OK Jeff , I think I have a work around . Make a Cup Washer , then you can make one side transition to the nib and the other side can transition to the wood thickness .
A cup washer is a washer that can fit in place of the current tapered washer and will fit over the shoulder that the tube butts up against . It will have to be drilled twice , first drill to fit over the shoulder of the coupler then drill the through hole that will fit over the threads , then turn it down to fit the profile you need , then just part it off and you will have a tapered part to transition between the nib and body . 
Hope that makes sense , it's kinda hard to explain but easy to do . If it don't make sense to you I will try to draw a diagram , but if you think that explanation was bad , wait till you see my drawing :redface:

Oh and I was looking at your parts supply and you do have everything you need to do it . You can use a 10mm tube for the lower tube and almost anything you want for the upper tube , but it would be easier to just drill a 10mm hole all the way through and use 2 10mm tubes .

Ok here's how it's done ;

Cut the blank to 4" , this length is critical because the transmission has to come far enough through the barrel to be able to get the coupler tube to engage the transmission and still have enough to glue into the finial .

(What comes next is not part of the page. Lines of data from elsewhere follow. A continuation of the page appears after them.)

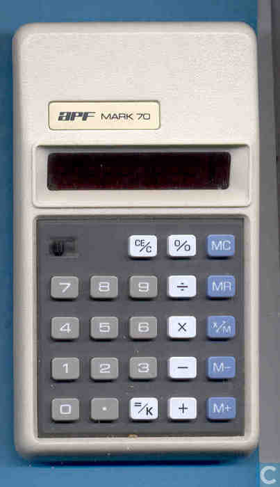 The APF MARK 70 is an arithmetic calculator with unknown digits precision and algebraic logic. It has 5 functions, 23 keys and a VFD (vacuum fluorescent) display. The power source is PP3 9V.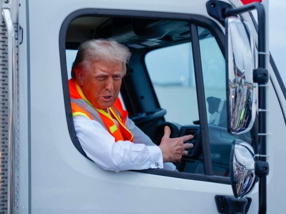 Für einen Wahlkampfauftritt in Wisconsin warf sich Donald Trump in eine orangefarbene Weste und stieg in einen Müllwagen. Damit reagierte er auf Äußerungen von Joe Biden.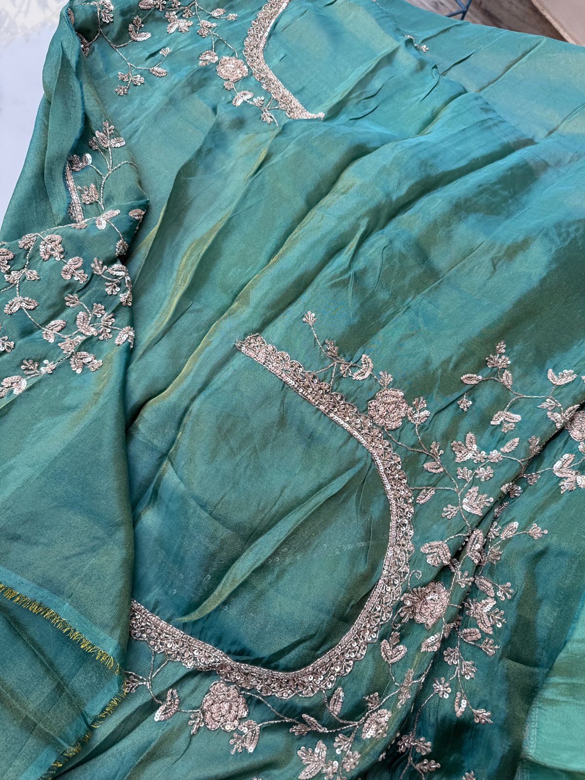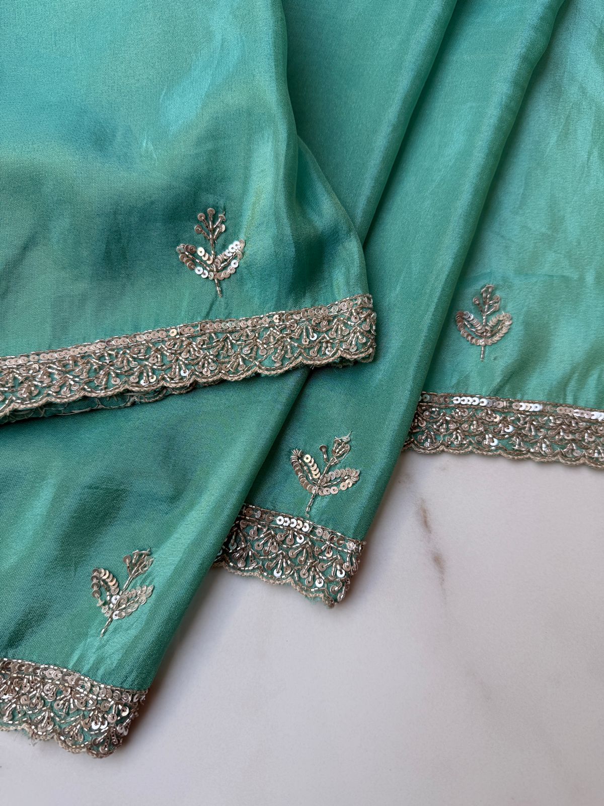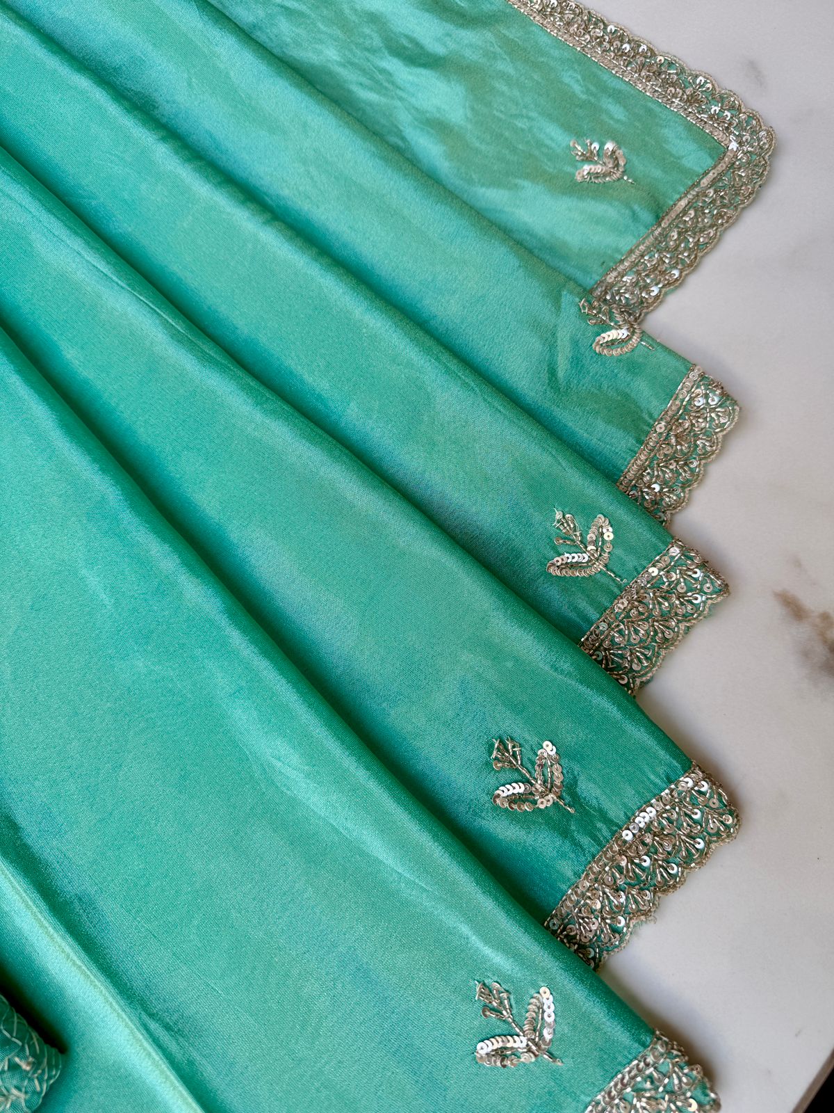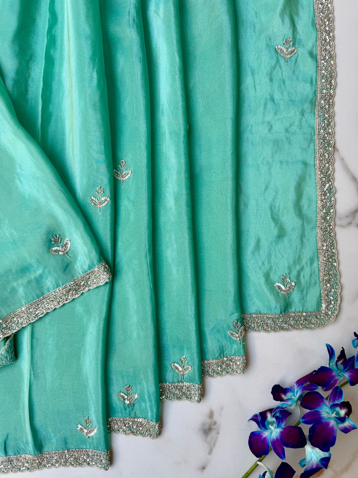 Graceful, refreshing, and exquisitely handcrafted—this Sea Green Tissue Georgette Saree is designed to make a luxurious statement. The tissue georgette fabric drapes softly while offering a gentle sheen, creating a perfect blend of comfort and grandeur.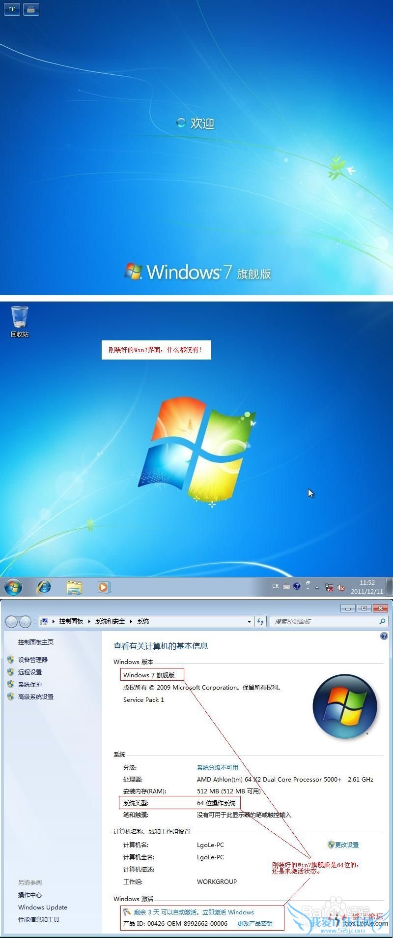 例1:不用光盘,32位Xp下安装64位Win 7系统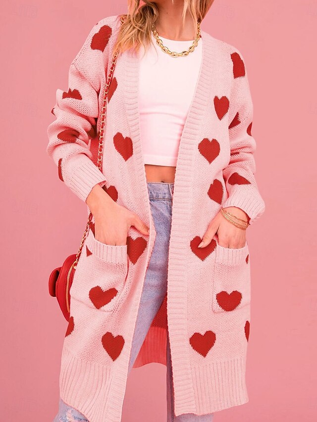 This Women's Sweater Cardigan Elegant Fashion Streetwear Heart Open Front Pocket Knitted Long Sleeve Regular Tops Knit Outdoor Daily Weekend Black Pink Fall Winter combines elegant design with practical functionality. Every detail has been carefully considered to ensure you get the premier possible experience. The top-grade construction means this product will serve you well for years to come.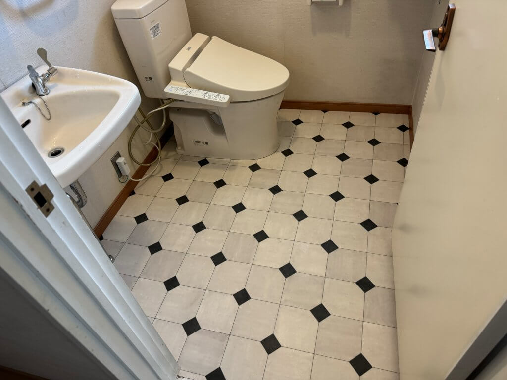 既存の設備はまだ問題なく使用できるようで、クッションフロアのみ貼替えです。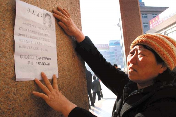 25日下午3点多,杨爱林夫妇手拿着寻人启事,在聊城汽车总站附近一张一张地粘贴着。杨爱林说,他家在山西省左权县芹泉镇禅房村,去年7月16日,儿子杨小斌和女友分手后离家出走,至今没有任何线索。从去年8月开始,杨爱林和妻子到左权、太原等地寻找,始终没有消息。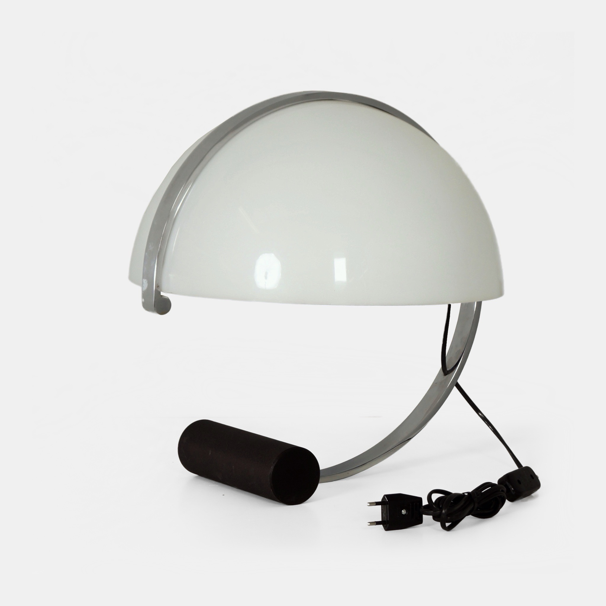 INCL. BTW VOLGENS DE MARGEREGELING (INDIEN RELEVANT)Tafellamp van Stilnovo voor Artimeta uit de jaren 70 in chroom en plexiglas met sculpturale kap – in uitstekende staat en met een opvallend profiel. De ‘Meta’ lamp is een ontwerp van Stilnovo uit Italië, geleverd in Nederland door Artimeta in de jaren zeventig. De lamp is opgebouwd uit massief ijzer met verchroomde afwerking, een zware ronde voet in zwart gelakt staal en een opaalwitte, gewelfde kap van plexiglas. Deze combinatie geeft de lamp een uitgesproken Space Age en Italiaans modern karakter. Afmetingen: 41 x 41 x 40 (H) cm. Bronvermelding: Stilnovo en Artimeta-catalogus (1970).

You will have to grind the shoulder off the center coupler just make sure that you don't push the coupler past where the shoulder was because it will make the refill stick out too far . I assembled the whole lower tube assembly first then inserted it into the lower part of the barrel as a complete unit and I glued the transmission to the coupler so that it can't be unscrewed by accident , you will be changing the refill from the nib end so the tranny/coupler don't have to come apart .

As for the clip , I reamed the hole in the cigar clip to 10mm so it just fits over the 10mm tube then drilled a 25/64" (a tight fit on the 10mm tube) in a piece of acrylic and turned it down to the same diameter of the upper part of the tube and parted it off about 1/4" long . Then I glued the upper tube in the barrel and left just enough tube sticking out to sandwich the clip between the upper part of the barrel and the piece of acrylic using just enough glue to hold it all together but not so much to squeeze out .

The finial was made from another piece of acrylic . I removed the tube from finial coupler and placed it on the top of the transmission to measure how much was sticking out of the top of the pen and marked it , I measured the part sticking out and drilled a 5/16" hole in the finial to that measurement , then I turned the finial to shape the same diameter as the upper part of the pen and parted the finial off the piece of acrylic , then I glued the tube into the finial and chucked the tube in the lathe and finished the top of the finial . 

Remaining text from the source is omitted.